Insight 2: The Myth of the "Iron Chariot" Barrier

When the Josephites complained that the Canaanites had "iron chariots" Joshua 17:16, they were using technology as an excuse for cowardice. They saw a competitive advantage (the chariots) and assumed it was an insurmountable barrier to entry. Joshua’s response is brutal: "You are indeed a numerous people... you shall not have one allotment only."

Joshua rejects the premise that an incumbent’s technological advantage grants them permanent dominion over a sector. In the startup world, "iron chariots" are the legacy systems, massive ad budgets, and proprietary tech stacks of your competitors. The lesson here is that incumbents rarely win because they are better; they win because challengers are too afraid to "clear the forest." Joshua mandates that they don't just avoid the competition—they are commanded to dispossess them. Your strategy cannot be "we’ll stay in our niche because the valley is too dangerous." Strategy is defined by how you handle the valley, not how you hide in the hills.

Insight 3: Inclusion as a Driver of Growth

The case of the daughters of Zelophehad Joshua 17:3-4 is the ultimate lesson in organizational agility. When they approached the leadership to claim their inheritance, they didn't just ask for a handout; they demanded their right to contribute to the tribe’s total landholding. By integrating them, the tribe gained more land and more representation.

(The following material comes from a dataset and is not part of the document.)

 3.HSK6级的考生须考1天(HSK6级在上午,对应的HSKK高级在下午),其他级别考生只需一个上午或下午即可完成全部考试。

A rigid, exclusionary structure is a smaller structure. When you limit who can own "equity" or "territory" in your firm based on legacy biases, you are effectively shrinking your own TAM. The daughters were granted their portion because they refused to be sidelined. A high-ROI organization creates processes where the talent—regardless of historical precedent—is empowered to own their outcomes. If you have "numerous" people, you need to ensure everyone is incentivized to "clear the forest," not just the legacy stakeholders.

Policy Move

Implement an "Iron Chariot" Quarterly Audit.

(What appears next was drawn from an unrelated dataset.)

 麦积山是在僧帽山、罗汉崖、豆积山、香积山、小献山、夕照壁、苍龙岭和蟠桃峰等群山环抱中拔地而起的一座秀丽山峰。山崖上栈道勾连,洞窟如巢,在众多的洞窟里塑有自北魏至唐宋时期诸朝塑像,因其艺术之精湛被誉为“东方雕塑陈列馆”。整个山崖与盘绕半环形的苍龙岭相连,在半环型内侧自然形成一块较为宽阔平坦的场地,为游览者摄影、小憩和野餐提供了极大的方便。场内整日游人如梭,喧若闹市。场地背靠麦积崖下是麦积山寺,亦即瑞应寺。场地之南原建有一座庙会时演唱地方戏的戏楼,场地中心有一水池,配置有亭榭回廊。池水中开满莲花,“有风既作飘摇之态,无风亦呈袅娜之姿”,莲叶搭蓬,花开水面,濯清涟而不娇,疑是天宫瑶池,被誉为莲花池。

Most organizations have a "Canaanite problem": they identify a competitor’s strength and treat it as a fixed constraint for the next 24 months. I am mandating a process change: Every quarter, your Product and Strategy leads must present a "Chariot Disruption Plan."

This is not a competitive analysis; it is an action plan. You must identify the one area where you are currently avoiding a competitor because they have "iron chariots" (e.g., better UX, more capital, larger sales force). You must then define the specific "clearing" operation: How do we, with our current strength, make that technology or advantage irrelevant?

Metric/KPI Proxy: Revenue from Displaced Markets. Stop measuring your success solely by existing market penetration. Start tracking "Chariot Displacement"—the percentage of your quarterly growth that comes from segments previously dominated by incumbents you once deemed "too strong to challenge." If this number is zero, you are hiding in the hill country.

Board-Level Question

"We are currently justifying our lack of expansion into [Target Market/Segment] by pointing to the incumbents' technical superiority and 'iron chariots.' If we were a private equity firm looking to acquire us, would they see our current reticence as 'strategic caution' or as a 'failure to clear the forest' that warrants a change in leadership? Are we, as a leadership team, actually 'numerous and strong' as our headcount suggests, or are we simply a large team managing a shrinking, 'cramped' portion?"

Takeaway

Stop acting like a startup that has "arrived." You haven't. The "iron chariots" of your competitors are not walls; they are the benchmarks you are meant to displace. If you have the people, you have the duty to expand. If you aren't clearing the forest, you are effectively choosing to be a "cramped" organization, regardless of your valuation. Growth isn't given; it’s taken.